Home care nursing (HCN) services are nursing services that a physician, advanced practice registered nurse, or physician assistant orders for a member whose illness, injury, or physical or mental condition requires more individual and continuous care by a registered nurse (RN) or licensed practical nurse (LPN) than can be provided in a single or twice-daily skilled nurse visit and that requires greater skill than a Home Health Aide (HHA) or Personal Care Assistant (PCA) can provide. HCN services are provided under a plan of care approved by a physician and specify the level of care that a nurse is qualified to provide. HCN services may be used outside of a member’s home during hours when normal life activities takes them outside of their home.

HCN services:

  • Are for members who need more individual and continuous skilled nursing care than can provided in an SNV
  • Are for care outside the scope of services provided by an HHA/PCA
  • Are provided under a plan of care or service plan approved by a physician
  • Specify the level of care a nurse is qualified to provide
  • Are ordered by a member’s physician
  • May be used outside of a member’s home during hours when normal life activities take the member outside of their home
  • Must be provided by an RN or LPN
  • May be provided by an RN or LPN with a hardship waiver who is one of the following: parent of a minor child, spouse, or non-corporate legal guardian

Professional nursing care is based on an assessment of the member’s medical/health care needs. This service includes ongoing professional nursing observation, monitoring, intervention, and evaluation providing the continuity, intensity, and length of time required maintaining or restoring optimal health. Professional nursing is defined in the Minnesota Nurse Practice Act (MN Stat. sec. 148.171, subd. 1). HCN services have been designated as either “Regular” or “Complex.”

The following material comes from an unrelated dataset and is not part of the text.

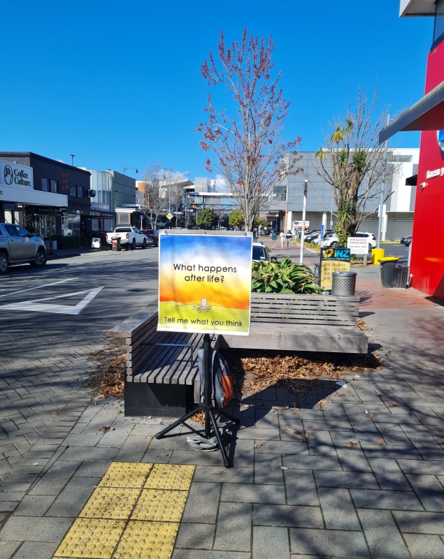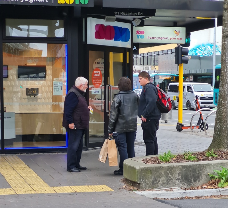 Tuesday afternoon's outreach in Riccarton was really slow for the first half hour - only one short engagement, but then I was busy with epic chats for the rest of the outreach.  2 chats in particular come to mind.  (I had to really think, but I’ve finally remembered!)
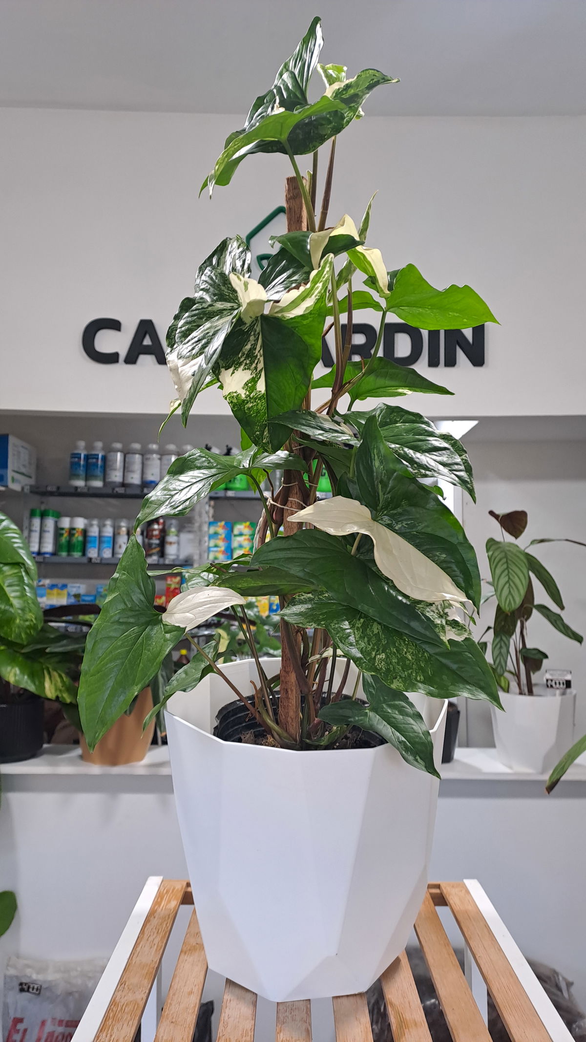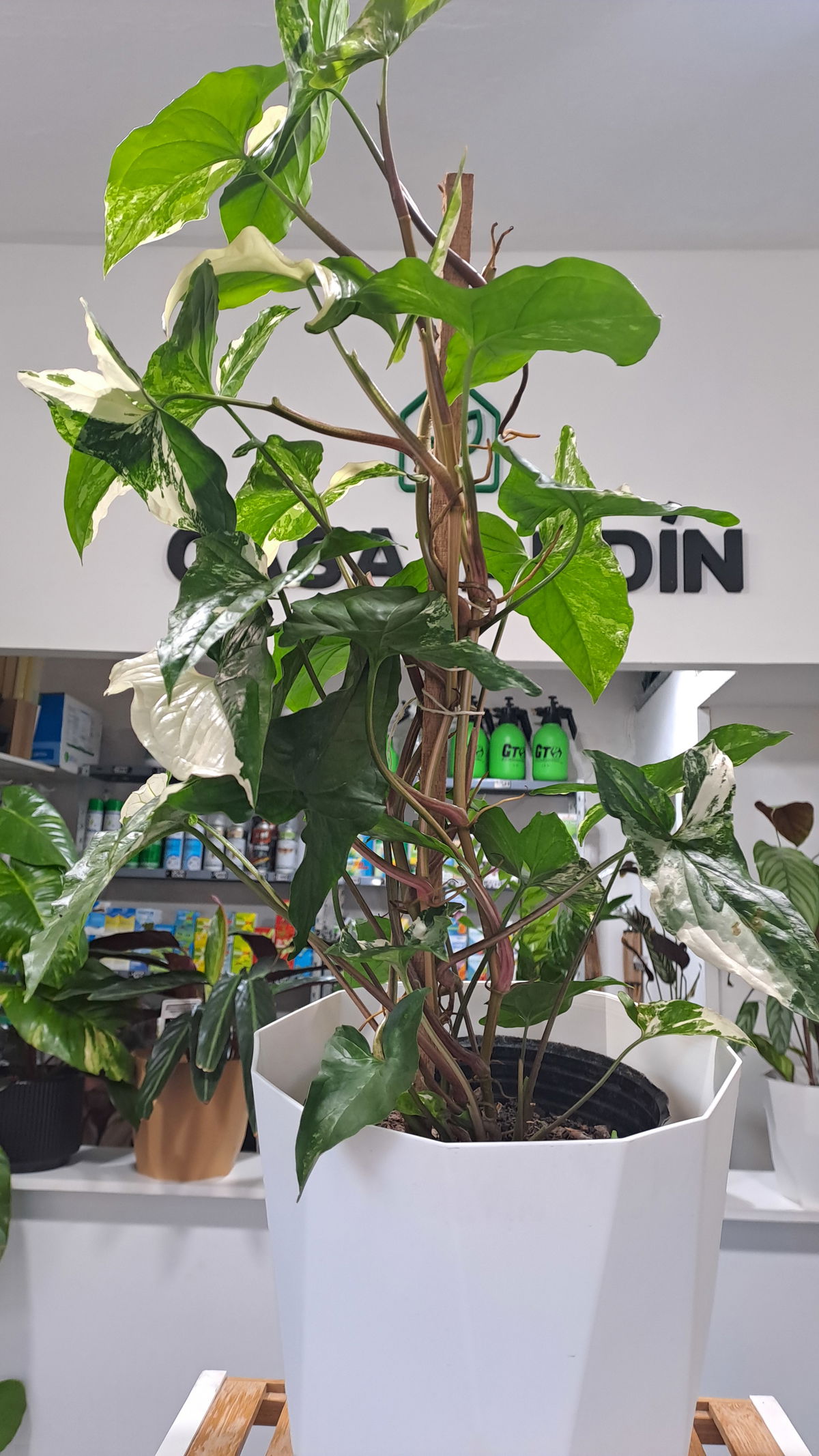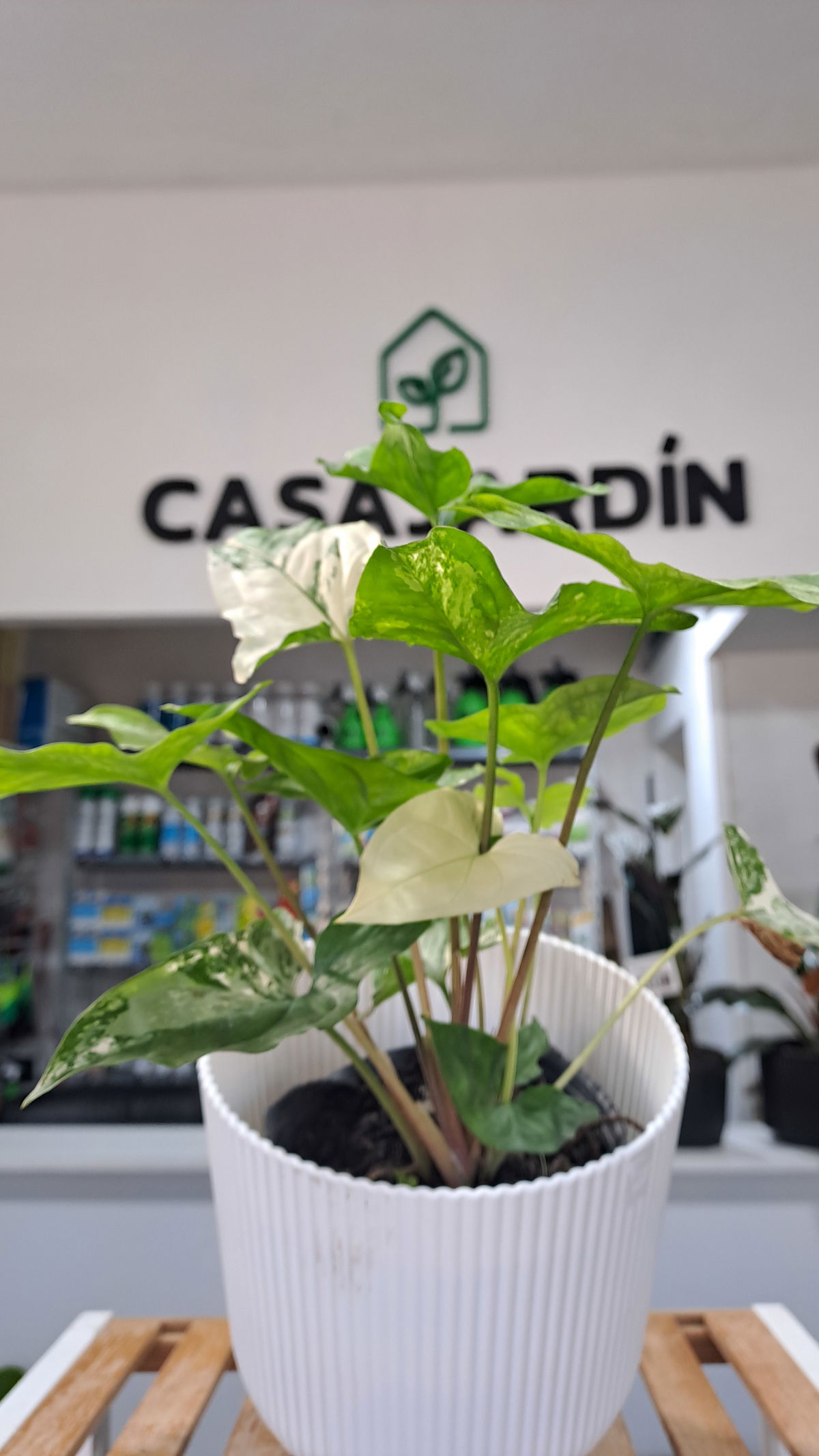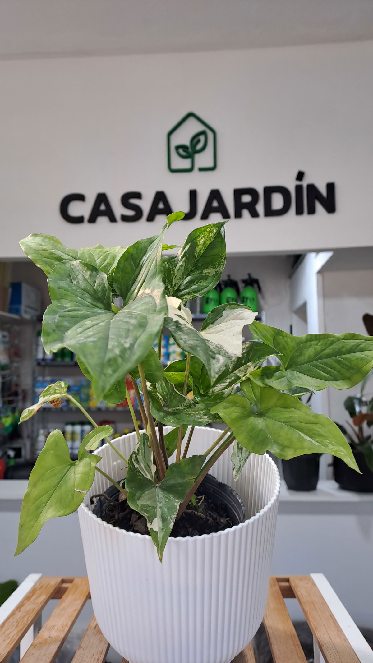 Descripción: Variedad de singonio con hojas jaspeadas de verde y blanco. Muy atractiva por su patrón marmolado.

Complex HCN care is provided to members who meet the criteria for regular home care nursing and require life-sustaining interventions to reduce the risk of long-term injury or death

Non-Covered Services

  1. HCN visits for the sole purpose of providing household tasks, transportation, companionship, or socialization
  2. Services that are not medically necessary
  3. Services that are not ordered by a physician
  4. Services provided in a hospital, nursing facility (NF), or intermediate care facility (ICF)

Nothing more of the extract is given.